The operational sequence of modern ransomware is increasingly consistent. Initial access arrives through phishing, malware-laden documents, or exposed remote access services such as RDP or VPN. After that, the attacker focuses on privilege, persistence, and discovery, then moves to data theft, and finally triggers encryption once leverage is secured.
For organisations, that changes incident priorities. The question is not only “How quickly can we restore systems?” It is also “What data may have been accessed or extracted before encryption?” Double extortion turns ransomware into a data breach scenario, not just an availability incident. That means evidence preservation, scoping, communications planning, and regulatory decision-making must be integrated into ransomware playbooks, not treated as a separate track.

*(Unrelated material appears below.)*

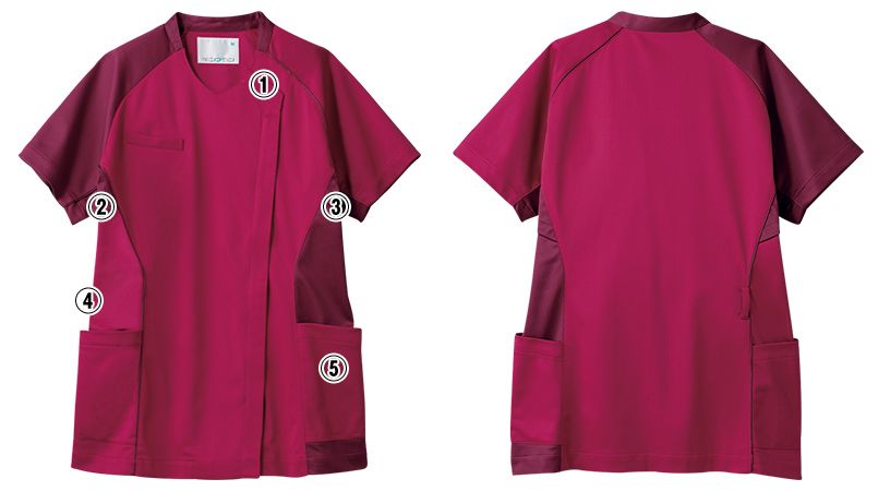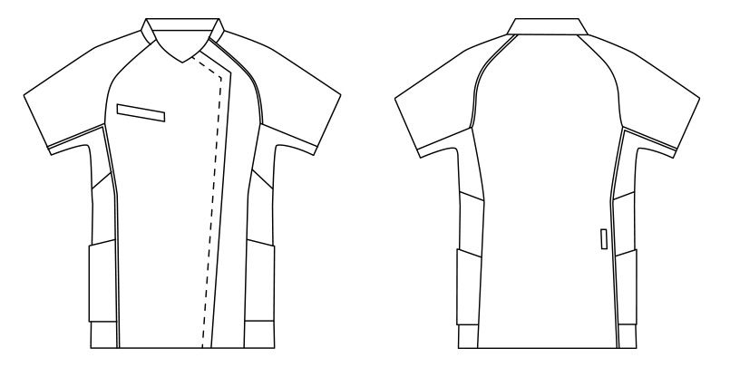 | 仕様 | 肩口スナップテープ仕様、脇下ベンチレーション仕様、パターンデザイン、ウエストループ、内ポケット付き、SEK制菌加工、吸汗速乾、制電、防汚、ストレッチ |

The most robust ransomware programmes focus on two timelines at once. The first is prevention and containment, which is largely about reducing the likelihood that a single compromised credential becomes domain-wide control. That includes segmentation, least privilege, strong identity controls, and limiting where remote tools can operate.
The second is recovery credibility. Ransomware groups increasingly delete backups or target recovery pathways. ThreatBook’s summary notes behaviours like offline encryption and backup deletion among active groups. The organisations that recover best are those that regularly test restoration under pressure, validate that backups are immutable or isolated, and rehearse the decision-making process when data theft is suspected.
Ransomware is a cybersecurity problem, but it becomes a governance problem the moment personal data exposure is possible. Privacy Ninja supports organisations by strengthening the coordination layer that often fails during ransomware incidents: clarity on roles, accountability, and consistent actions under pressure.
Our DPO-as-a-Service provides a dedicated point of contact to keep PDPA compliance on track, maintain core data protection policies and practices, and handle data protection queries or requests in a structured way. When an incident arises, the DPO helps coordinate the initial response and communications as the organisation’s key data protection contact, so decisions are recorded and follow-up is disciplined. Where technical assurance is required, Privacy Ninja’s vulnerability assessment and penetration testing services help validate common ransomware entry paths, such as exposed remote access, weak segmentation, and identity misconfigurations.
The July 2025 spike is best understood as a warning about speed and convergence. Ransomware groups no longer rely on one trick. They combine phishing, remote access exposure, credential abuse, legitimate admin tools, and double extortion to apply pressure from multiple angles. Singapore’s experience, as summarised in coverage of ThreatBook’s 2025 reporting, shows that ransomware risk is not confined to one sector, and it often accelerates when global vulnerability disclosures widen the attack surface. The organisations that do best are those that treat ransomware as both an operational resilience challenge and a data breach readiness challenge, with controls and response routines that work when time is short.